■ Records provided
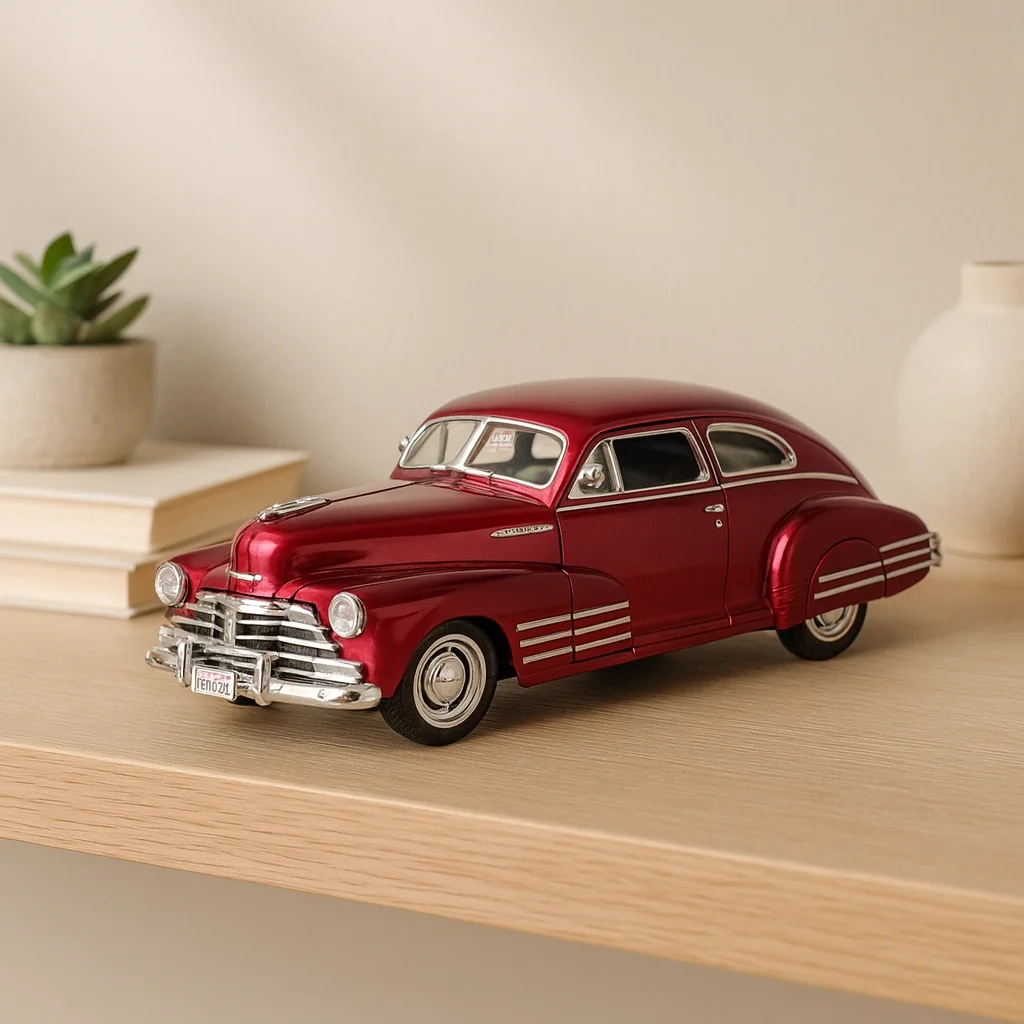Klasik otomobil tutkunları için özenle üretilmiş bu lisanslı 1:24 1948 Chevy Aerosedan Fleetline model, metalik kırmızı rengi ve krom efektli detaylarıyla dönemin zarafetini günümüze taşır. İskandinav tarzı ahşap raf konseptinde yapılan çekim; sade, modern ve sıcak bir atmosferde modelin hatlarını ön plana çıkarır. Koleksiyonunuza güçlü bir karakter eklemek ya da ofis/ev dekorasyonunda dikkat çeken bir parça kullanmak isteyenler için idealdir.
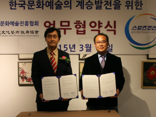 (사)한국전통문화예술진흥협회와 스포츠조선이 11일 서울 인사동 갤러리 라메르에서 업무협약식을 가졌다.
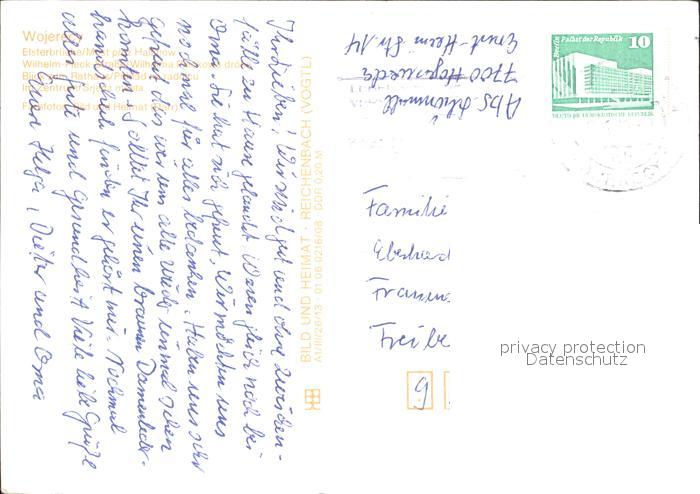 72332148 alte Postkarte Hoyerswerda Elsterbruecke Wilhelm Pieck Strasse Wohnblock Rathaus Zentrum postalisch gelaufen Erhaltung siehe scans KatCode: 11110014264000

--

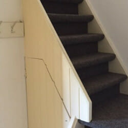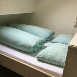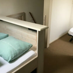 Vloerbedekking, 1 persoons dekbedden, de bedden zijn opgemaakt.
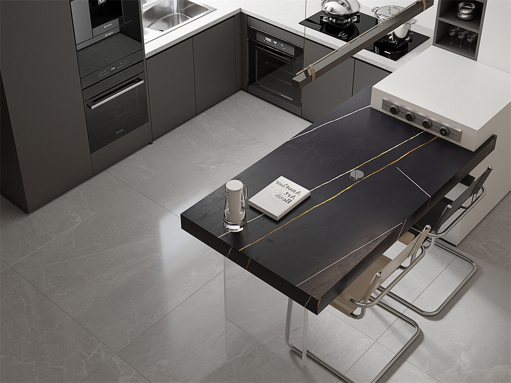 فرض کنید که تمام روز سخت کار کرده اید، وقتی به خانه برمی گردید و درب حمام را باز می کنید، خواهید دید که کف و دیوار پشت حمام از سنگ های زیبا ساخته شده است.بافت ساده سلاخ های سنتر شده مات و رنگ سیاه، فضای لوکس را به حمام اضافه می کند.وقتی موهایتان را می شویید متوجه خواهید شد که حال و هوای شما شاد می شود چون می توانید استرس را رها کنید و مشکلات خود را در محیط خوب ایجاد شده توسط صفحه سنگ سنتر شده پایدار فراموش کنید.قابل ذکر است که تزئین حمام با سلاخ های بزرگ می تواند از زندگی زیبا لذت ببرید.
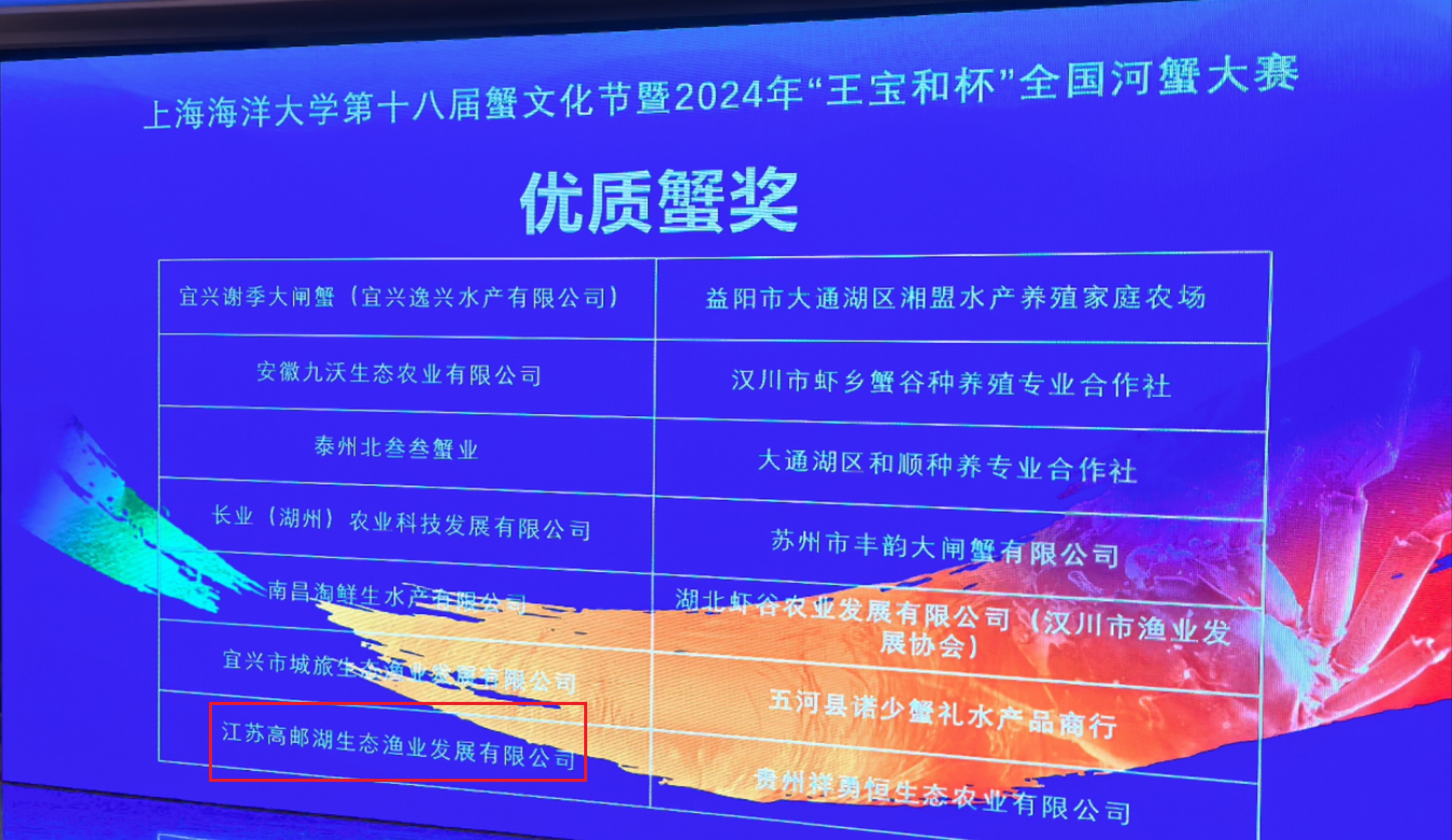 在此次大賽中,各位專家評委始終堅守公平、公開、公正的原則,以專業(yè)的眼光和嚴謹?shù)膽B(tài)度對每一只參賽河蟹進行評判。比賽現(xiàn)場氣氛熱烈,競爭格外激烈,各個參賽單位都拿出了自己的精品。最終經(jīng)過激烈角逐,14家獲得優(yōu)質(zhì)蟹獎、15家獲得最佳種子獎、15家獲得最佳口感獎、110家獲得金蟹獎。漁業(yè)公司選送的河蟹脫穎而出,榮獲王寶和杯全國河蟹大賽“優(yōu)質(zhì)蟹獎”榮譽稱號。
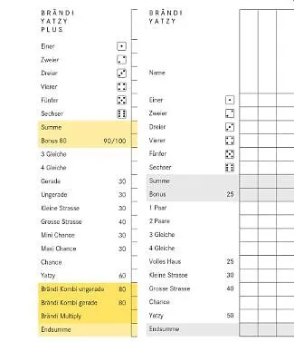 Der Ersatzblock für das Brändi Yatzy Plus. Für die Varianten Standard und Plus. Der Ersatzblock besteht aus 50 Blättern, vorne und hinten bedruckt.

■ Goal of the exercise
Within the listing above, the lines from the one with "(사)한국전통문화예술진흥협회와 스포츠조선이 11일" through the one with "72332148 alte Postkarte" are to be given again word for word. Do not include pictures.

■ Solution below
 (사)한국전통문화예술진흥협회와 스포츠조선이 11일 서울 인사동 갤러리 라메르에서 업무협약식을 가졌다.
 72332148 alte Postkarte Hoyerswerda Elsterbruecke Wilhelm Pieck Strasse Wohnblock Rathaus Zentrum postalisch gelaufen Erhaltung siehe scans KatCode: 11110014264000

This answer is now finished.